_EXERCISE DIRECTIONS_.
Return, without pictures, the lines from the start of the data through the one that contains "Interior (7/10) No".
^^^^
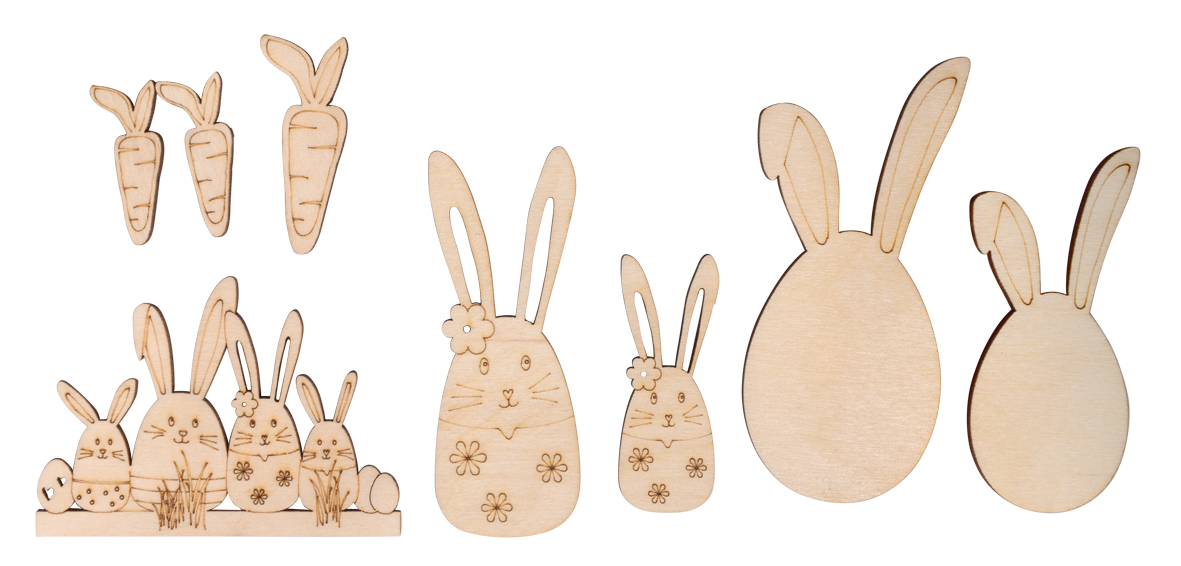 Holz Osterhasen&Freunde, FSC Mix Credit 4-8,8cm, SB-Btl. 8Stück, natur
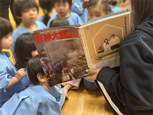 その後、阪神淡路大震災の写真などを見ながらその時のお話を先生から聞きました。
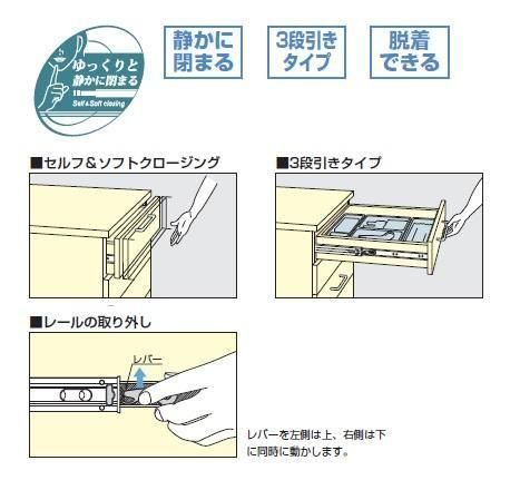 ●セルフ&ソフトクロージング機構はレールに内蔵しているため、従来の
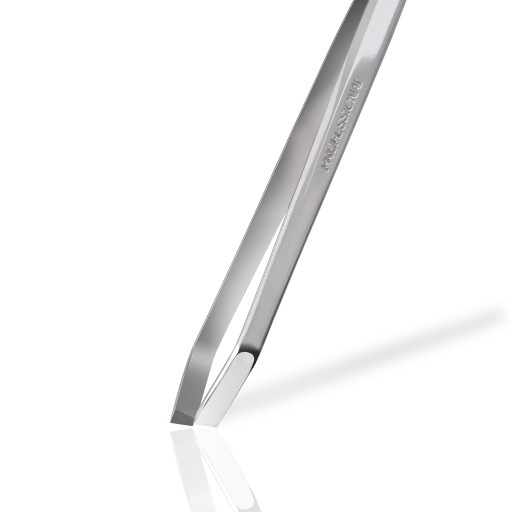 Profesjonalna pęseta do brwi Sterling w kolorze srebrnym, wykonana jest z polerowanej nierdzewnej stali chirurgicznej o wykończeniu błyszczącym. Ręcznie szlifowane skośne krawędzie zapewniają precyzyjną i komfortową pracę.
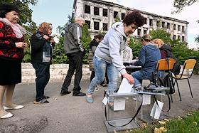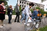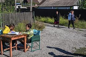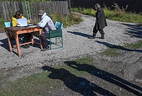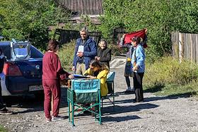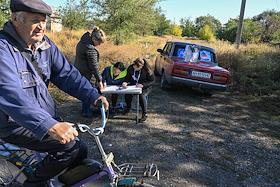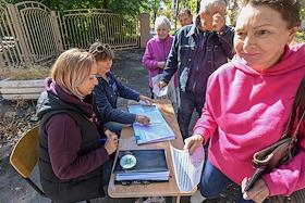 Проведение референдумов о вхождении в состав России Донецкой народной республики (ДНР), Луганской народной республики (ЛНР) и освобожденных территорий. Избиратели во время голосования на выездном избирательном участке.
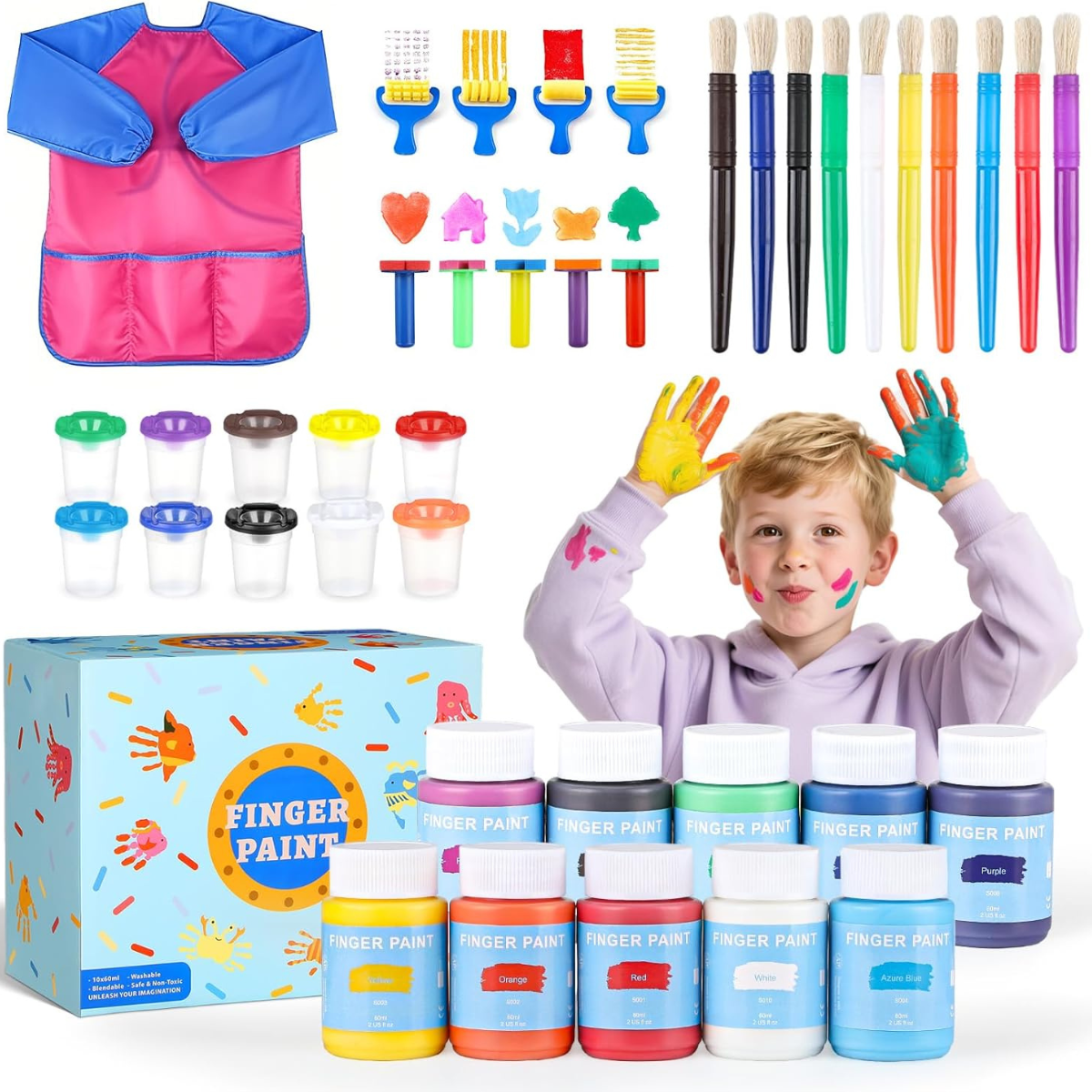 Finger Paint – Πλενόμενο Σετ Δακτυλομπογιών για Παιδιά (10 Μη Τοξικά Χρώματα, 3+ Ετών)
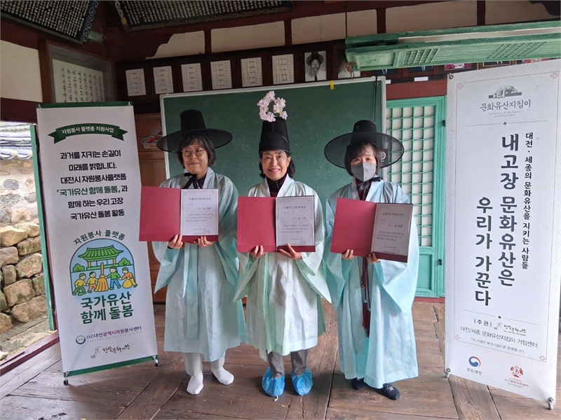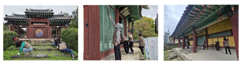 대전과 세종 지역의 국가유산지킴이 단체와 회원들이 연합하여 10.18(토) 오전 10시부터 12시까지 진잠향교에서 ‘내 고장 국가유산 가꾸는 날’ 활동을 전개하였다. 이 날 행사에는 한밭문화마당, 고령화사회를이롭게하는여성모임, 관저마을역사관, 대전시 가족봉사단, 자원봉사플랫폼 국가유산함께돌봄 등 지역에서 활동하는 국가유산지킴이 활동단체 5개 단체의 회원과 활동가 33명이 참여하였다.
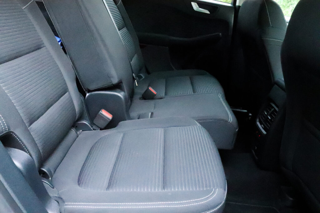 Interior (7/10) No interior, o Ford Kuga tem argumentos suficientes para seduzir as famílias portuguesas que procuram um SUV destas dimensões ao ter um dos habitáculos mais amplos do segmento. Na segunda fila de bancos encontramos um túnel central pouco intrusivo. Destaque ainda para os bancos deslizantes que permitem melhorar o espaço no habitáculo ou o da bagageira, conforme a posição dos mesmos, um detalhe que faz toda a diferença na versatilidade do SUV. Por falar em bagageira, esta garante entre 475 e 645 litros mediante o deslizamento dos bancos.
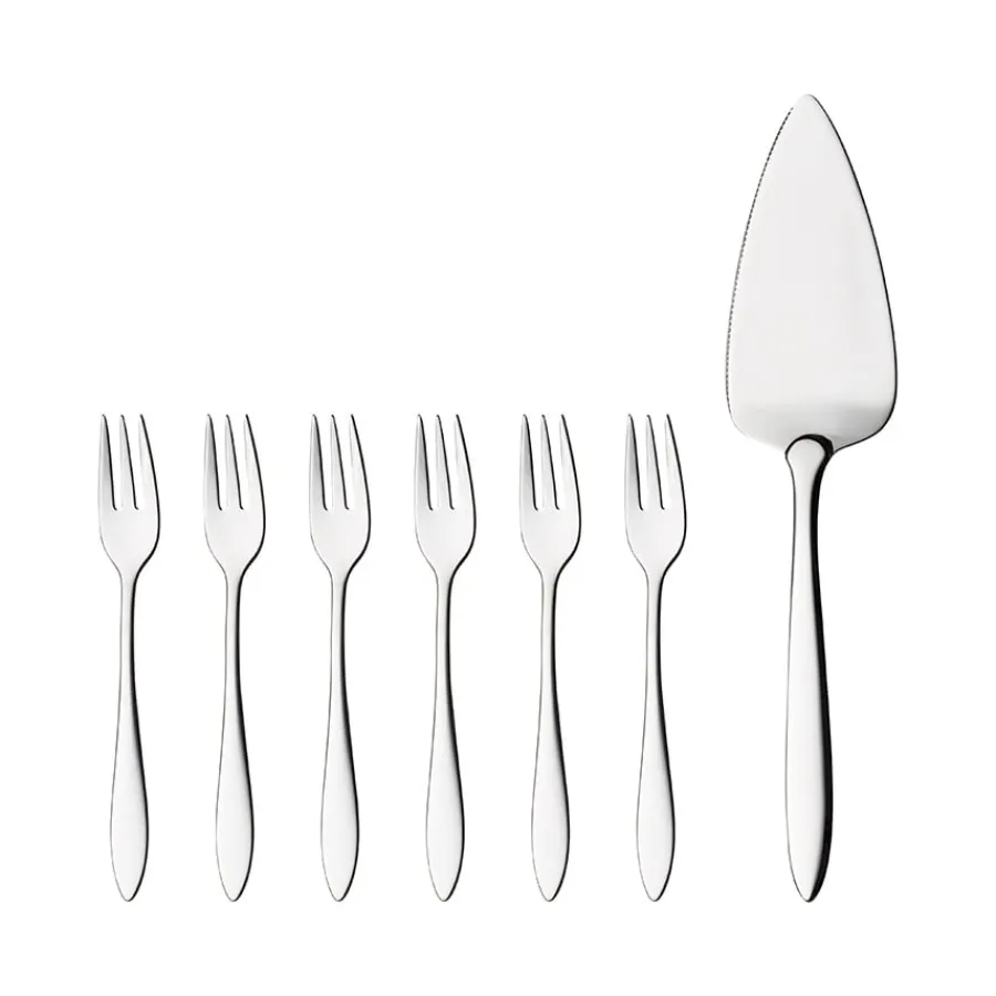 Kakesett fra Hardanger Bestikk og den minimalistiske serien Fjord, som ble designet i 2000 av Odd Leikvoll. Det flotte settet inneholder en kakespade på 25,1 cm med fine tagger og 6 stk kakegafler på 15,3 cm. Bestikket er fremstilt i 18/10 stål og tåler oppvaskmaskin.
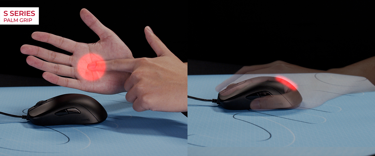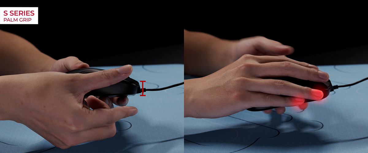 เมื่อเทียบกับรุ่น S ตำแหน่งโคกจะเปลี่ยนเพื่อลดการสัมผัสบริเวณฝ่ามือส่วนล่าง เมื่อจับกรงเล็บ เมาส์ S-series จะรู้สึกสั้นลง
^^^^
_TASK RESULT_.
 Holz Osterhasen&Freunde, FSC Mix Credit 4-8,8cm, SB-Btl. 8Stück, natur
 その後、阪神淡路大震災の写真などを見ながらその時のお話を先生から聞きました。
 ●セルフ&ソフトクロージング機構はレールに内蔵しているため、従来の
 Profesjonalna pęseta do brwi Sterling w kolorze srebrnym, wykonana jest z polerowanej nierdzewnej stali chirurgicznej o wykończeniu błyszczącym. Ręcznie szlifowane skośne krawędzie zapewniają precyzyjną i komfortową pracę.
 Проведение референдумов о вхождении в состав России Донецкой народной республики (ДНР), Луганской народной республики (ЛНР) и освобожденных территорий. Избиратели во время голосования на выездном избирательном участке.
 Finger Paint – Πλενόμενο Σετ Δακτυλομπογιών για Παιδιά (10 Μη Τοξικά Χρώματα, 3+ Ετών)
 대전과 세종 지역의 국가유산지킴이 단체와 회원들이 연합하여 10.18(토) 오전 10시부터 12시까지 진잠향교에서 ‘내 고장 국가유산 가꾸는 날’ 활동을 전개하였다. 이 날 행사에는 한밭문화마당, 고령화사회를이롭게하는여성모임, 관저마을역사관, 대전시 가족봉사단, 자원봉사플랫폼 국가유산함께돌봄 등 지역에서 활동하는 국가유산지킴이 활동단체 5개 단체의 회원과 활동가 33명이 참여하였다.
 Interior (7/10) No interior, o Ford Kuga tem argumentos suficientes para seduzir as famílias portuguesas que procuram um SUV destas dimensões ao ter um dos habitáculos mais amplos do segmento. Na segunda fila de bancos encontramos um túnel central pouco intrusivo. Destaque ainda para os bancos deslizantes que permitem melhorar o espaço no habitáculo ou o da bagageira, conforme a posição dos mesmos, um detalhe que faz toda a diferença na versatilidade do SUV. Por falar em bagageira, esta garante entre 475 e 645 litros mediante o deslizamento dos bancos.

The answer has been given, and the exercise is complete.